Tensão PK113-7D. Incubar as culturas durante a noite a 30 graus Celsius com agitação a 250 rpm. Transfira 0,5 mL de cada cultura durante a noite para tubos individuais contendo 0,5 mL de gradiente de densidade não iônica estéril por tubo, e misture brevemente as soluções por vórtice.
Transfira as suspensões celulares para um reservatório individual e qualificado 2 por 3 poços. Use um arquivo csv com a configuração de calibração de fluido 6RES_AQ_GPSA2 em um instrumento de manipulador de líquido acústico para detectar 25 nanoliters de cada cepa S.cerevisiae da placa de origem do reservatório qualificada apropriada para uma microplacão de destino 6144 contendo 50 mL de ágar YEPD. Quando todos os poços foram vistos, incubar a microplacão a 30 degress Celsius por 48 horas.
Para intensificar as cores das cepas, armazene as placas de ágar a 4 graus Celsius por pelo menos 72 horas. Uma foto de Rosalind Franklin apareceu no prato. Como demonstrado, promotor, quadro de leitura aberto, exterminador e duas sequências contíguas de conector de 50 bps podem ser montados em um de expressão através de uma reação de clonagem golden gate, e verificado por PCR.
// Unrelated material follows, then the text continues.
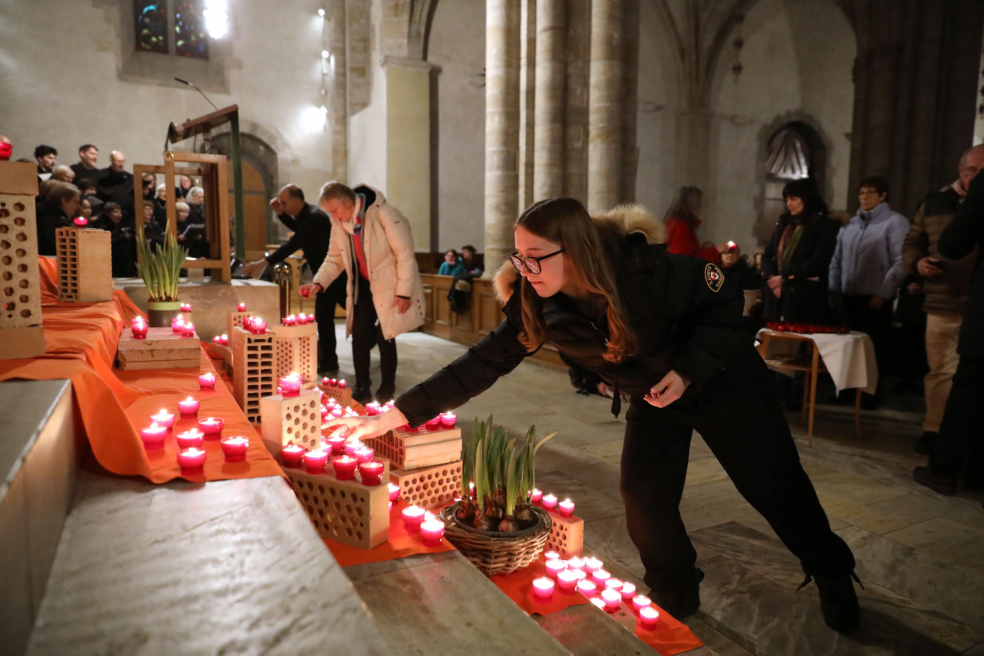 La célébration s’est ouverte par un geste symbolique des célébrants présents dans le chœur de la cathédrale: chacun est venu allumer un lumignon et l’a déposé au pied de l’autel. Ces petites lumières ont été l’autre symbole marquant de cette célébration.

Após a amplificação da matriz de crRNA única por PCR, o plasmídeo receptor para a matriz de crRNA único é linearizado conforme confirmado pela eletroforese. A eficiência da Edição do Genoma Multiplex pode ser calculada pela porcentagem de colônias coloridas após a transformação, e pelos resultados das análises pcr que confirmam a integração do DNA do doador nos locais de DNA genômico pretendidos. Por exemplo, a partir de uma imagem em preto e branco de Rosalind Franklin, foi criada uma lista de quatro cores de imagem e manchas que foi então usada para detectar as quatro cepas diferentes de leveduras em uma microplaca de ágar através de um manipulador líquido acústico, como demonstrado, resultando em uma pintura de levedura de alta resolução do cientista.
Para essa transformação, use soluções recém-preparadas e fragmentos de DNA de alta qualidade. Este método também pode ser aplicado para introdução multiplex de exclusões definidas e mutações pontuais no DNA genômico. Além disso, experimentos de regulação crispr podem ser realizados.
Este método pode ser modificado para introduzir mais do que crRNAs gratuitos dentro de uma matriz para aumentar o número de modificações simultâneas que podem ser feitas.